An interesting perspective from the The Diplomat Magazine on Chinese naval expansion. Thanks to Alaric Bond for passing it along.
Why China’s Naval Rise Could Help the World
Foreign observers of China’s growing naval prowess might be worried by what they’ve seen in recent years. Around a hundred new warships have come off the country’s slipways since 2001, while another dozen are under construction. Chinese ships are, on average, getting bigger and more powerful as well as more numerous as Beijing builds what is shaping up to be the world’s biggest submarine fleet, as well as new types of anti-ship missiles and the nation’s first aircraft carriers. One older Russian carrier is being refurbished and US analysts expect the first fully home-built Chinese carrier to enter service by 2015, with the possibility of more to follow.
All this is a far cry from the People’s Liberation Army Navy’s status even a decade ago as a coastal weakling, and has come at a time when the US Navy has actually shrunk by around 10 percent, as several new ship classes arrived late and over-budget. As a result of China’s rise and its own budgetary problems, ‘the United States will inevitably have to face…a progressive loss of maritime supremacy in the South China Sea and its environs,’ Andrew Davies, an analyst with the Australian Strategic Policy Institute, told The Diplomat.
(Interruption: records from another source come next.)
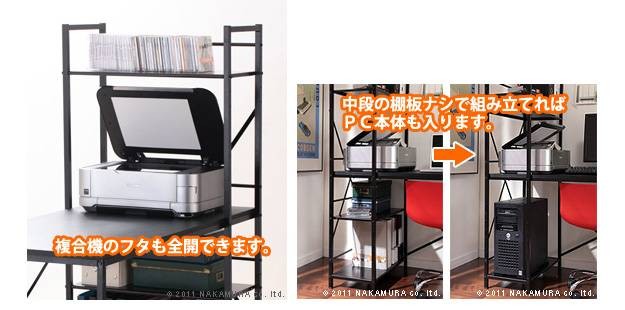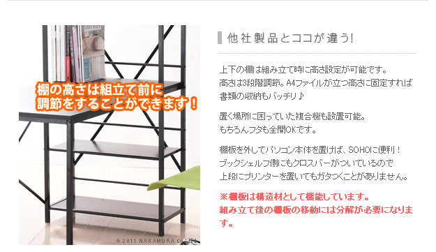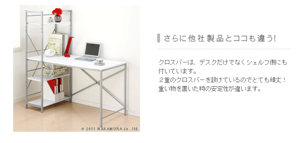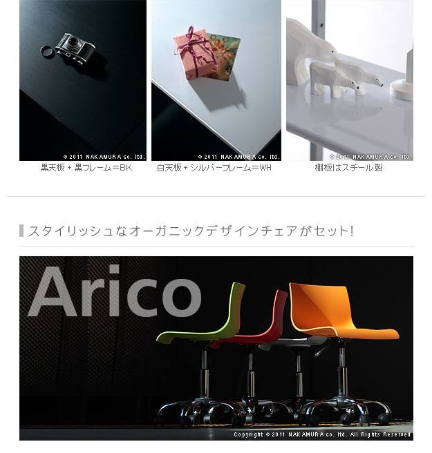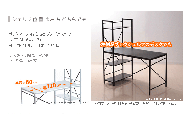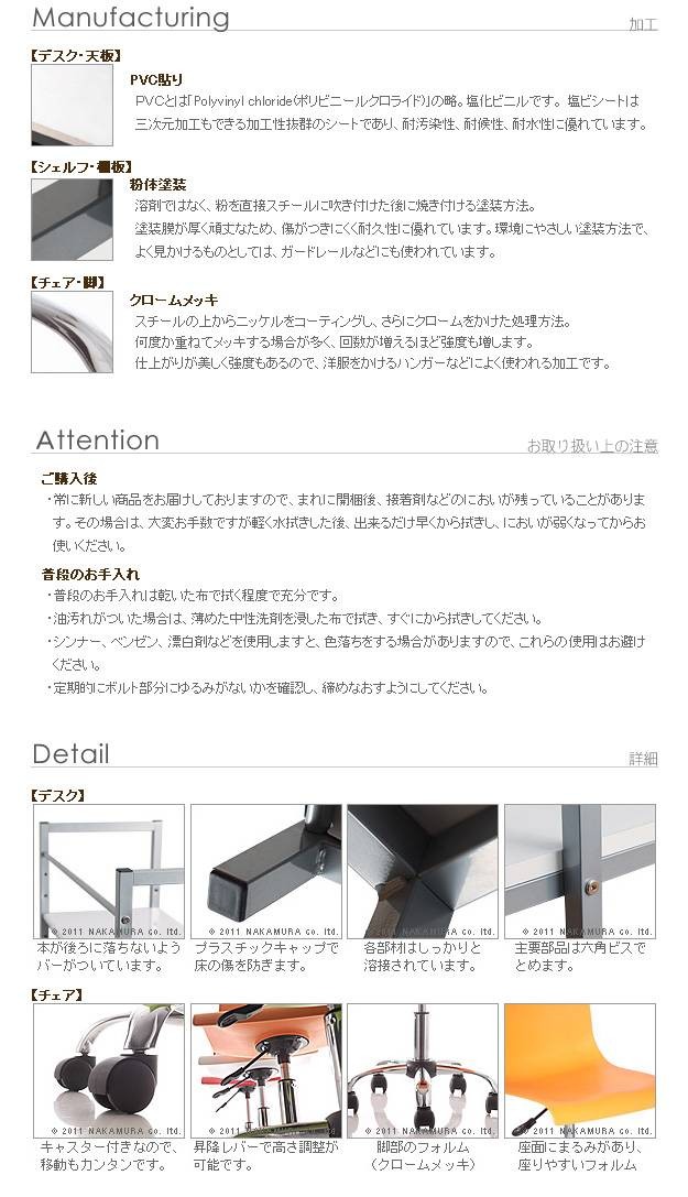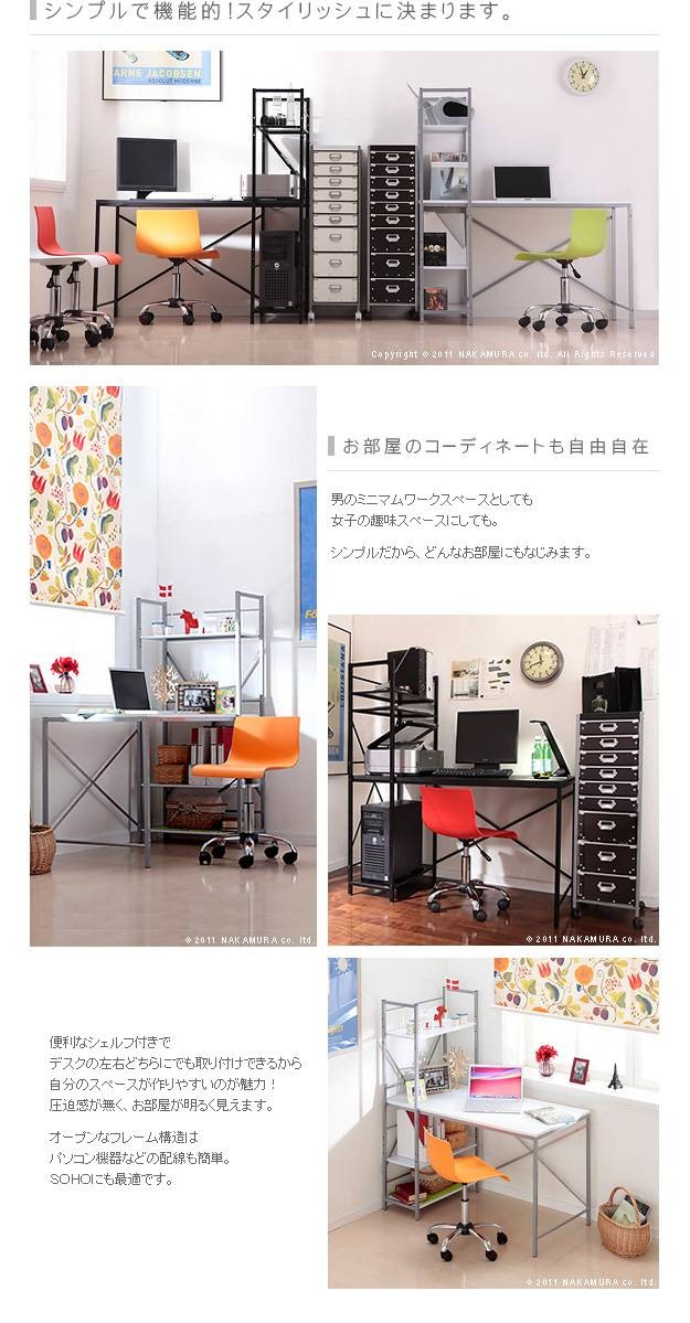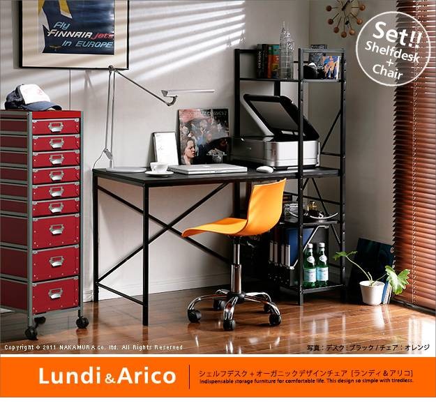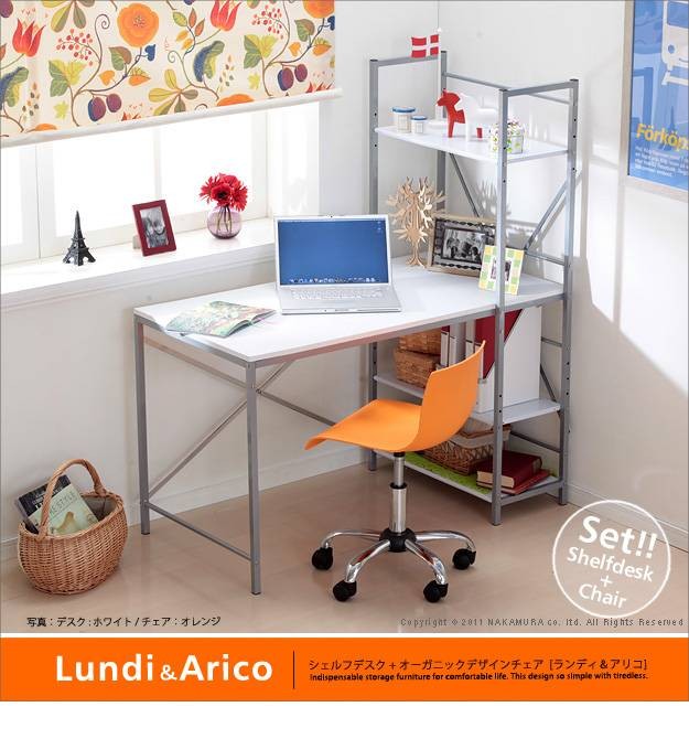 商品について:シンプルで機能的なシェルフ付きデスクとデザインチェアのセット。シェルフは左右どちらでも設置可能。チェアはキャスター付、昇降タイプです。
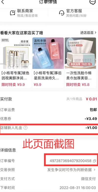 点“小编推荐”任意挑选一件商品,支付0.01元,订单详情页面截图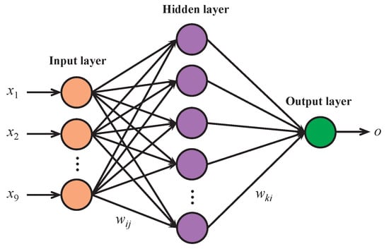 (1) Initialization: We denote the connection weight from input layer neuron j to hidden layer neuron i as . The threshold at hidden layer neuron i is denoted by , and the activation function at the hidden layer is denoted by . Moreover, we denote the connection weight from hidden layer neuron i to output layer neuron o as . The threshold at output layer neuron o is denoted by , and the activation function at the output layer is denoted by . In the initialization process,  and  are assigned random values,  and  are set to 0, and a learning rate  is specified. The total number of training iterations is also set to a fixed value to ensure the network can terminate training.

But observers say a shifting balance of power doesn’t have to mean high tensions, let alone open warfare. Much of what China does in the maritime realm amounts to an elaborate, and expensive, form of diplomatic theatre. Carriers, especially, are more for show than for practical military use, analysts say. Where the People’s Republic of China is building real naval capabilities, most are actually best suited for cooperating, rather than competing, with other world powers.